Just before dawn, as early as 4 am, children, and women of Aku community make haste to the dust-feasted brook to scoop the surface of the water before the base is unsettled by cows. Water is life in every sense of it in Aku. It determined when children go to school and when mothers make the meal. It affected livelihood, caused diseases and one reported death of a woman due to snake bite on the way to the rocky-mud stream.
ActionAid provided the first humanitarian intervention by any aid organisation in the community. This means a lot to Jimoh Alabi, 48 who narrated how the ActionAid attuned the community to a world of possibilities. “We never knew that we could mobilise ourselves to make demands from the government, we thought government was very far away but through the sensitisation by ActionAid our eyes have opened” Alabi affirms confidently.
“When ActionAid came, we made a list of what we were lacking in the community (in teasing out right denial issues); we listed the bad water situation, light (electricity), livelihood support for women, health centre, school and support for our farmers. ActionAid decided to provide a borehole because it was the priority on the list, while using a service modelling approach. After sinking the borehole, they told us that they will build our capacity so that we can be able to advocate for other needs of the community,” he said.
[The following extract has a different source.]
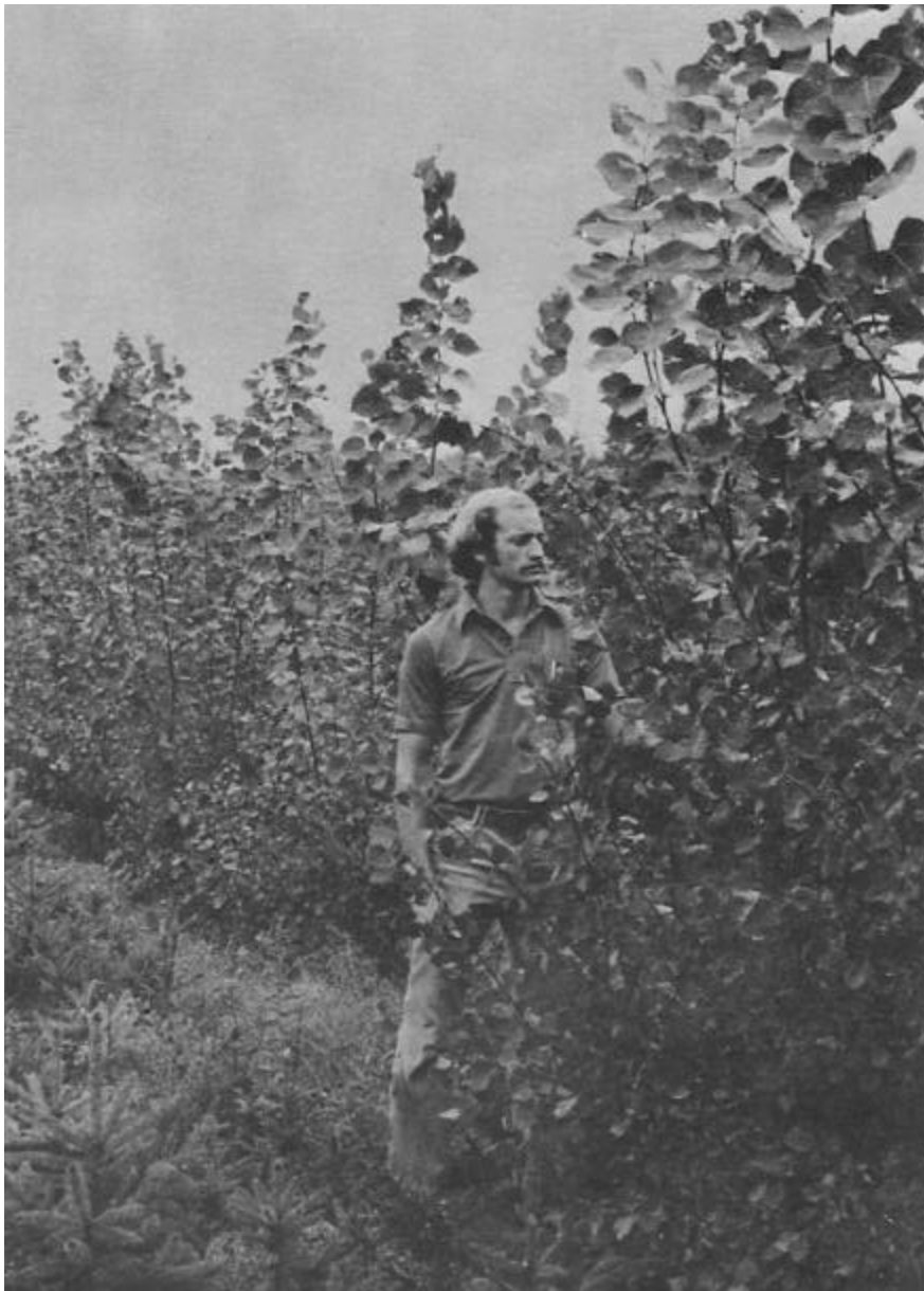
Figure 2. —Block A, September 1977 – Barerooted aspen seedlings after three growing seasons.

The relative growth performances of the different planting stocks in 1975 suggest the transplant shock effect is greater for barerooted aspens than for containerized stock. However, this effect seems to last longer on bigtooth aspen, since barerooted bigtooth aspen plants still grew significantly less than the containerized plants during the second year, unlike trembling aspen. The quicker adjustment of trembling compared with bigtooth aspen barerooted transplants to their new environment might be due in part to their inherent faster
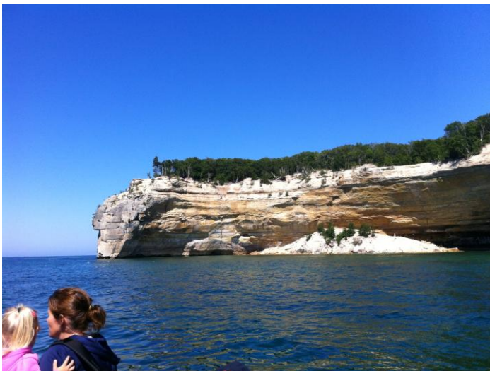
Picture Rocks Munising, MI

Alabi tickles his fingers restlessly as he excitedly nudges to mention the outcomes of the advocacy training: “We were trained on how to mobilise ourselves and write the government. After the training, we decided to practise what we learnt, we went to the Ministry of Water Resources with some of the community people, we told them that we needed water, and we kept going back to make this same demand until they sent some people to our community to assess the need. The government sunk the new motorized borehole. So, we now have one borehole from ActionAid and another one from the government” he enthused.
The community is now empowered to engage the government, began to advocate for replacement of the community’s electricity transformer. It took 4years of relentless advocacy visits to relevant government offices for the transformer to be released. “If not for the knowledge we acquired from ActionAid, we would have given up, we won’t even bother to make any attempt” said Alabi.